Рядом Москва… А в заборе не только метафорическая течь, но и реальная и тщательно замаскированная дыра. Через нее убегали семинаристы в лес после обеда (после обеда следовало единственное двухчасовое «окно» в строгом распорядке дня). «За это нас наказывали, сбавляли отметки по поведению. На этой почве у нас происходило много кронфлинтов». Убегал и Ванюша…
Возвращаться необходимо было в шесть сорок пять и в семь сидеть в классе — входил наставник, зажигал коптилки, прикрепленные к партам. «Ну-с, дети, что задали вам днем?» — и садился на стул дремать. Можно было разбудить его, проконсультироваться, но редко прибегали к этому ученики. Коптилка едва слышно шипела, пузырек пламени мелко прогибался, чадил, с потолка и из окон смотрела, наваливалась темнота. Темнота за окнами притягивала и страшила. Благословенные часы, никогда уж потом так сладко не читалось! Ванюша обкладывал тетрадками книжку, чтобы наставник, если проснется, не заметил, и… Майн Рид… Всадник без головы… Жюль Верн… Капитан Гаттерас… На втором курсе учитель Бедринский стал подсовывать запретное. Гончаров: «Обломов», «Обрыв», Толстой: «Анна Каренина», «Война и мир», Достоевский, Лесков, Боборыкин… Не дай бог попасться с такими книгами, ибо учил еще в свое время министр просвещения Шишков: «Лжемудрыми умствованиями, ветротленными мечтаниями, пухлою гордостью и пагубным самолюбием сочинители ум изощряют… Наставлять земледельческого сына в риторике было бы приготовлять его быть худым и бесполезным или еще вредным гражданином». А директор семинарии Никанор Дмитриевич (фамилию его, между прочим, разузнать не удалось, а имя-отчество сохранилось в записках Губкина, хотя и недобрым словом помянутое) — Никанор Дмитриевич портить земледельческих сынов не хотел.

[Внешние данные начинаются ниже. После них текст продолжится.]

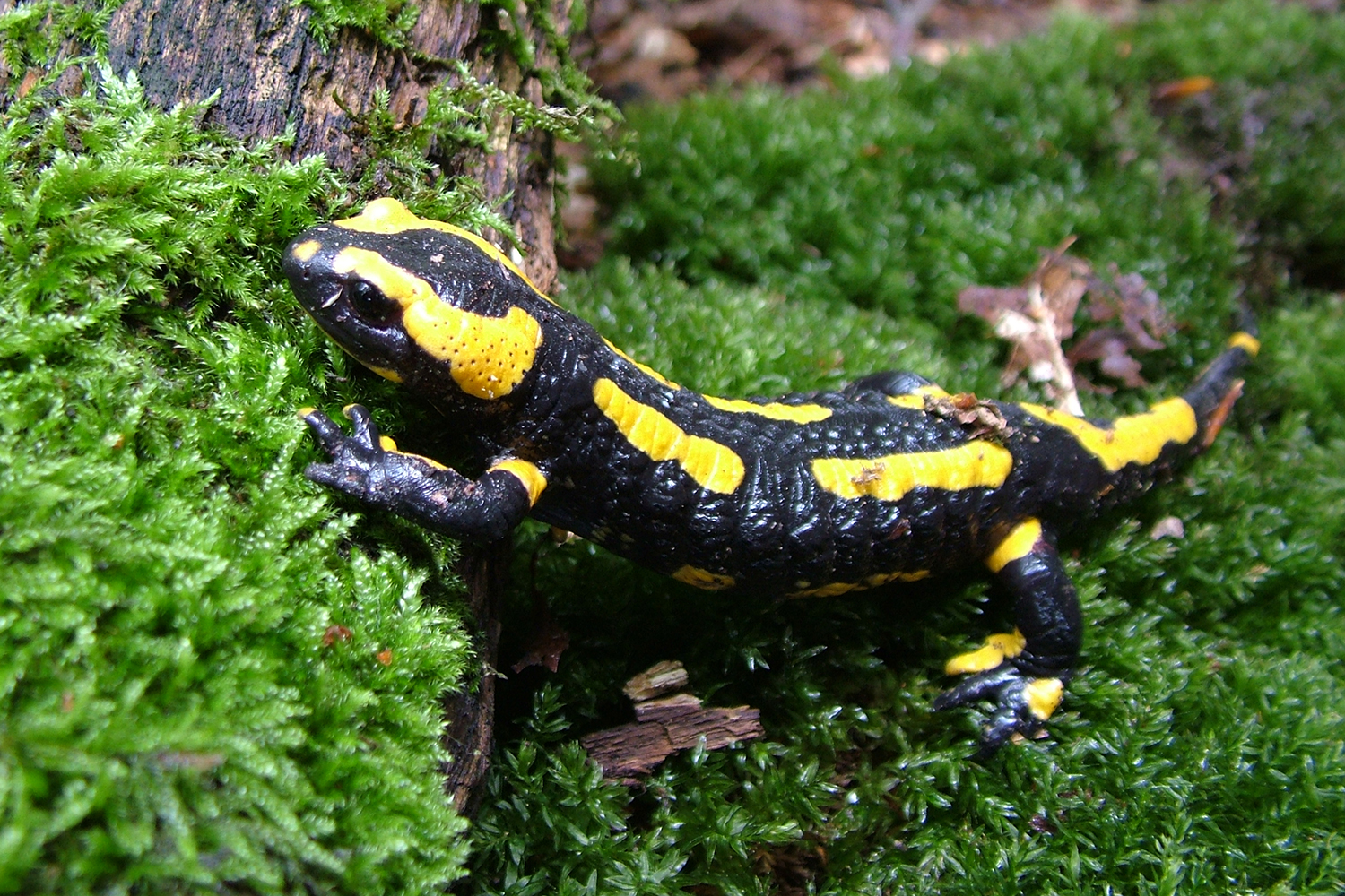 Mit ihrem anmutenden, langsamen Gang und der auffälligen Farbgebung erscheinen sie wie Tiere aus vergangener Zeit. Feuersalamander gehören zu den Amphibien (Lurchen), sind im Gegensatz zu Fröschen oder Molchen aber ausgesprochene Landtiere. Nur die Weibchen gehen zum Wasser, um dort die Larven zu gebären. Die Tiere besiedeln überwiegend schattige Laubwälder (bevorzugt Buchenwälder), in denen sie zur Nahrungssuche zumeist in der Nacht unterwegs sind. Am Tag halten sie sich unter liegenden Baumstämmen, in Erdhöhlen, unter Steinen oder in der Bodenlaubschicht auf. Die Larven des Feuersalamanders benötigen zur Entwicklung naturnahe Quellbereiche von Bächen, können sich aber auch in Stillgewässern wie wassergefüllten Wegrinnen oder Tümpeln entwickeln. Zum Schutz vor Fressfeinden wie Igel oder Fuchs scheidet die Haut der Tiere ein Gift aus. Im Kreis Coesfeld ist der Feuersalamander im Bereich der größeren, zusammenhängenden Laubwaldbestände mit zahlreichen Quellbächen zum Teil noch relativ weit verbreitet (u.a. Baumberge, NSG Kestenbusch, NSG Roruper Holz). Die Tiere lassen sich am besten an nassen Frühsommerabenden und -nächten beobachten. Die Feuersalamander verlassen ihr Versteck häufig nach starkem Sommerregen und sind dann auch schon mal auf den Waldwegen unterwegs.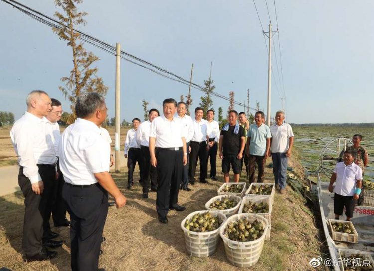 習(xí)近平總書記18日赴安徽考察調(diào)研。當(dāng)天下午,他先后來到阜陽市阜南縣王家壩閘、紅亮箱包有限公司、蒙洼蓄洪區(qū)曹集鎮(zhèn)利民村西田坡莊臺,察看淮河水情,走進田間地頭,了解當(dāng)?shù)胤姥淳葹?zāi)和災(zāi)后恢復(fù)生產(chǎn)等情況,看望慰問受災(zāi)群眾。(文字記者:張曉松 攝影記者:鞠鵬 王曄)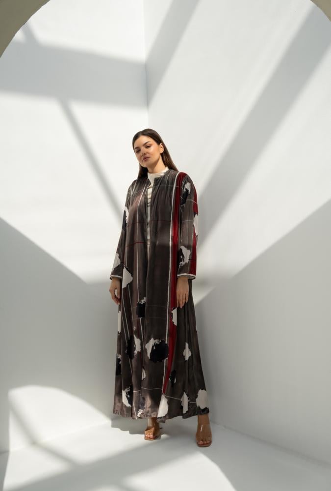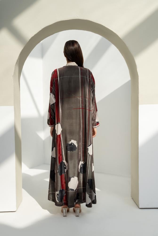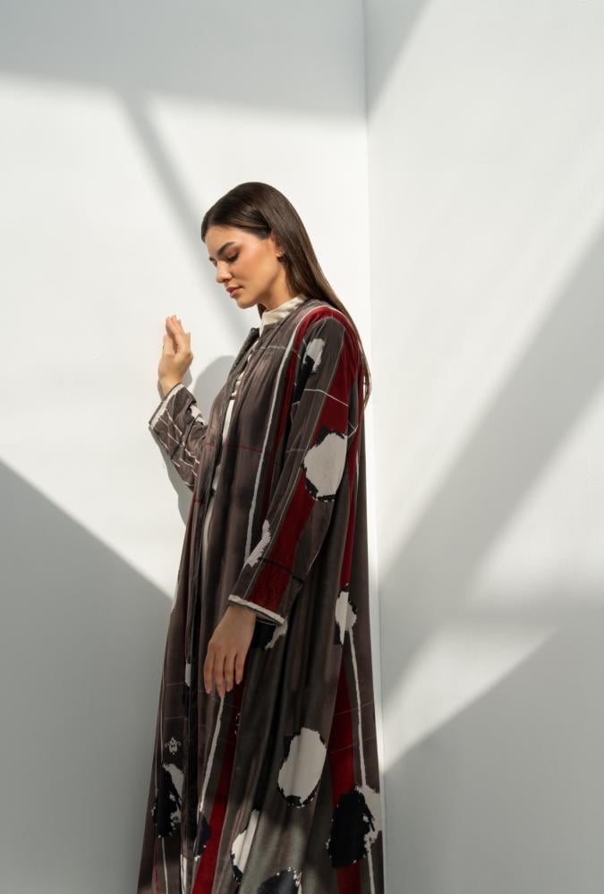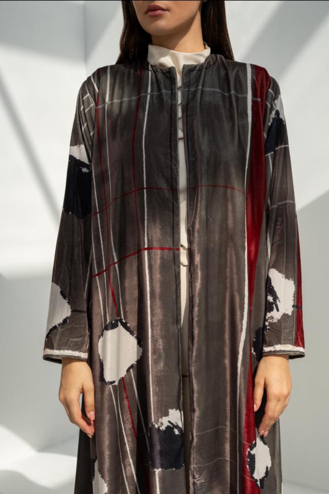 عباية مخمل بنقشة مودرن تمنحك إطلالة مختلفة وراقية في نفس الوقت. خامة مخمل خفيفة بلمعة ناعمة وتصميم انسيابي يبرز جمال الألوان وتداخل الخطوط. قطعة عملية وأنيقة للمرحلة الانتقالية وللطلعات اليومية بإحساس فخم بدون تكلّف.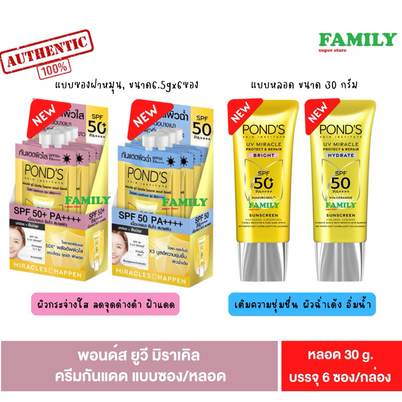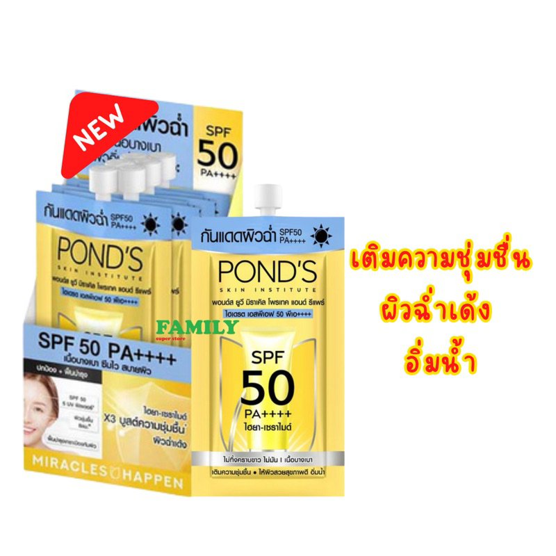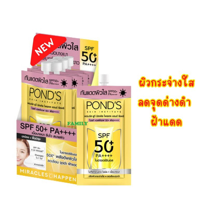 พอนด์ส กันแดด เนื้อพุดดิ้ง SPF 50+ PA++++ สูตรกระจ่างใส/สูตรชุ่มชื่น 6.5gx 6ซอง / 30ml.
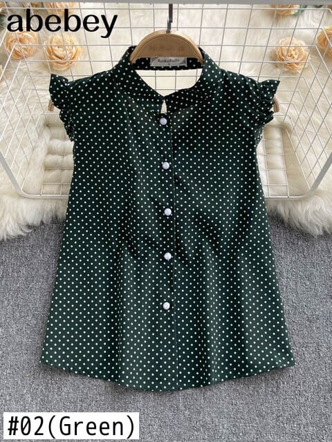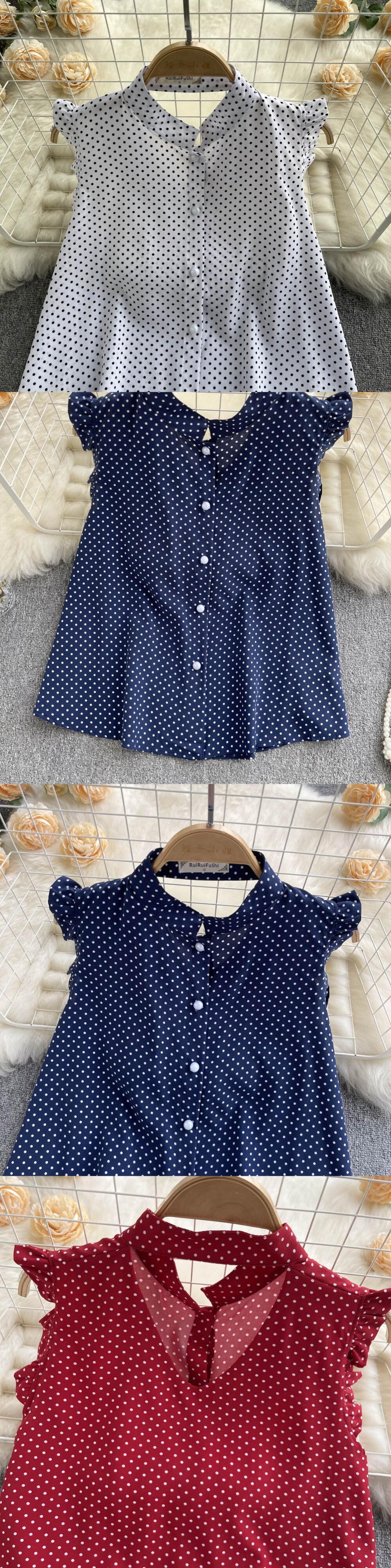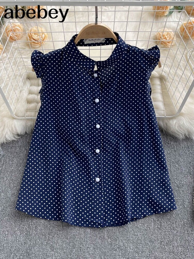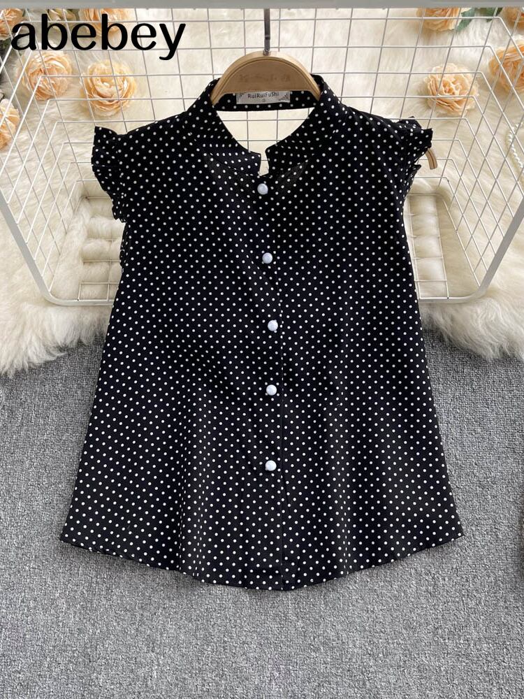 2022クロップドシャツレディースワイドノースリーブOネックブラウスシックレディサマードットブラックレスクロップトップ 夏物 Abe87682088127

Ибо сказано в приказе, чтобы каждый, «не быв ниже своего состояния, также не стремился через меру возвыситься над тем, в коем ему суждено оставаться». Потому что крестьянские дети «прилежнейшие по успехам приучаются к роду жизни, к образу мысли и понятиям, не соответствующим их состоянию; неизбежные тягости иного для них становятся несносны и оттого они в унынии предаются пагубным мечтаниям и низким страстям».
Ох! — от этих цитат деревенеют губы. Боюсь, что даже Никанор Дмитриевич ощущал спазматическую неловкость в органах речи, когда читал эти высокопоучительные документы в училищном совете, подозревая некоторую часть — небольшую, конечно, — своих подчиненных в уклонении от свыше начертанной линии. «Бедринский, прислушайтесь… Святейший синод ниспосылает…»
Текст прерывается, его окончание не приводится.